Return the entries below word for word; no images should appear in the copy.

┄┄┄┄┄┄┄┄┄┄

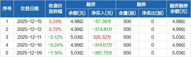 融资方面,当日融资买入799.79万元,融资偿还867.17万元,融资净偿还67.38万元。融券方面,融券卖出0股,融券偿还0股,融券余量500股,融券余额2095元。融资融券余额合计4.98亿元。
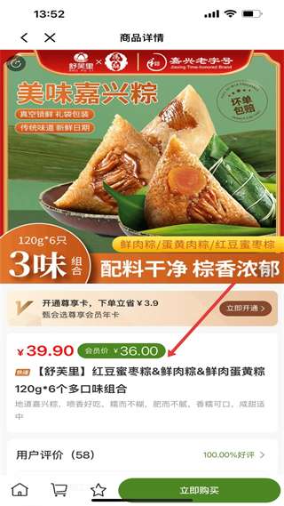 3、商品详情板块,展示舒芙里嘉兴粽信息,标注价格会员价及用户评价,提供立即购买入口,呈现产品详情与购买功能内容。
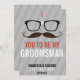 Você será meus vidros do geek do padrinho de casamento que wedding o convite. Realmente um divertimento e convite do homem do geek original um melhor. Peça que seu melhor homem esteja em seu casamento no estilo do geek! Caracteriza um par grosso de vidros pretos com uma parte de fita no centro e de um bigode ondulado enorme. O geek e o hipster totais rolaram em 1 convite do casamento. O fundo guardara uns dois tonificou o cinza que tem listras nele, fazendo o pop da tipografia!
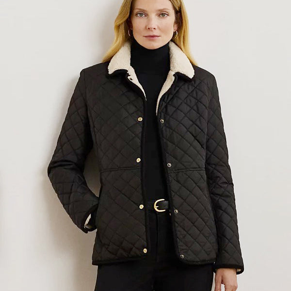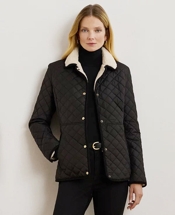 랄프로렌의 클래식한 디자인에 포근해보이는 인조 양털 카라로 포인트를 준 퀼팅 자켓이예요~
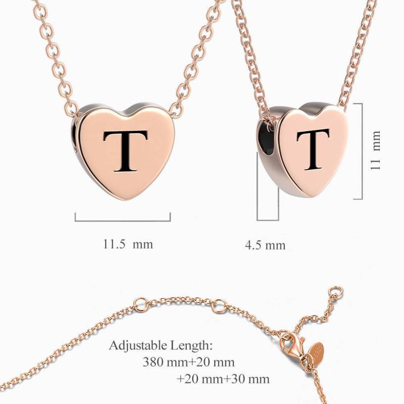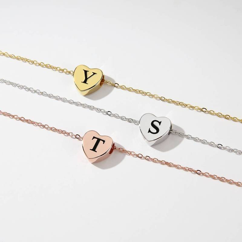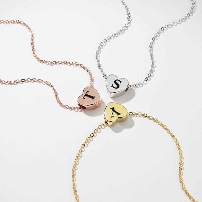 Collier Initial Coeur Gravé Plaqué Or Rose
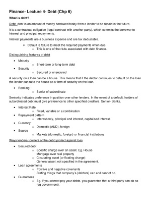 Complete and concise summary of all lectures and the textbook for Fundamentals of Business Finance.
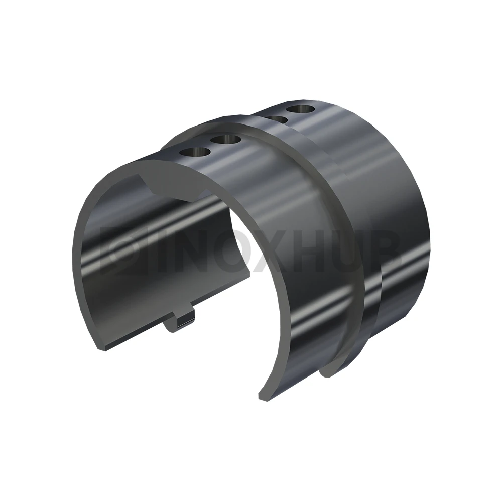 Муфта для соединения труб с пазом. Выполнена из высокопрочной стали AISI 304. Поверхность изделия GRIT 320 — шлифованная.
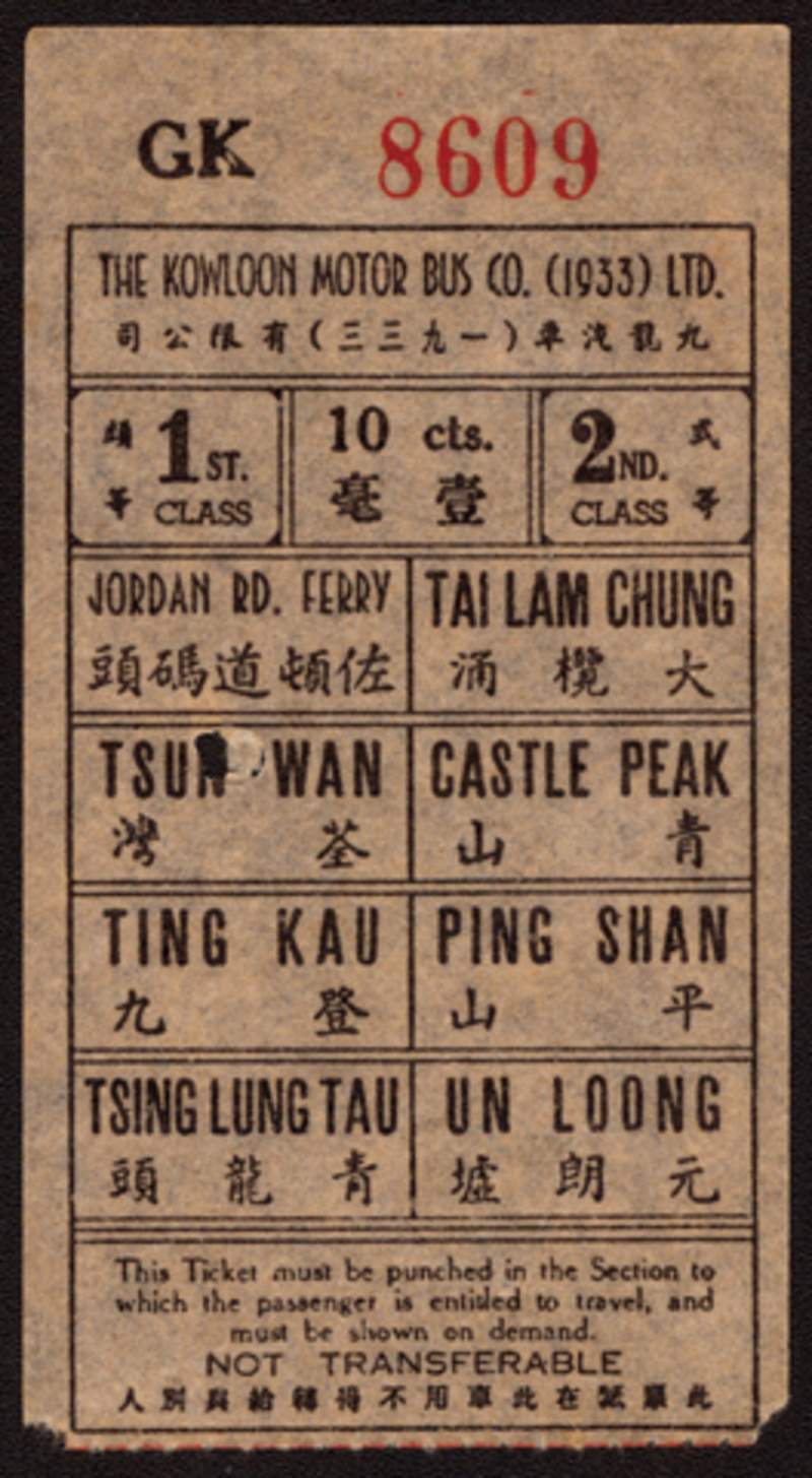 1950's Jordan Road Ferry to Un Long Bus Ticket, early long distance bus route example (thin paper), very fine and scarce.

┄┄┄┄┄┄┄┄┄┄

### Answer section
 融资方面,当日融资买入799.79万元,融资偿还867.17万元,融资净偿还67.38万元。融券方面,融券卖出0股,融券偿还0股,融券余量500股,融券余额2095元。融资融券余额合计4.98亿元。
 3、商品详情板块,展示舒芙里嘉兴粽信息,标注价格会员价及用户评价,提供立即购买入口,呈现产品详情与购买功能内容。
 Você será meus vidros do geek do padrinho de casamento que wedding o convite. Realmente um divertimento e convite do homem do geek original um melhor. Peça que seu melhor homem esteja em seu casamento no estilo do geek! Caracteriza um par grosso de vidros pretos com uma parte de fita no centro e de um bigode ondulado enorme. O geek e o hipster totais rolaram em 1 convite do casamento. O fundo guardara uns dois tonificou o cinza que tem listras nele, fazendo o pop da tipografia!
 랄프로렌의 클래식한 디자인에 포근해보이는 인조 양털 카라로 포인트를 준 퀼팅 자켓이예요~
 Collier Initial Coeur Gravé Plaqué Or Rose
 Complete and concise summary of all lectures and the textbook for Fundamentals of Business Finance.
 Муфта для соединения труб с пазом. Выполнена из высокопрочной стали AISI 304. Поверхность изделия GRIT 320 — шлифованная.
 1950's Jordan Road Ferry to Un Long Bus Ticket, early long distance bus route example (thin paper), very fine and scarce.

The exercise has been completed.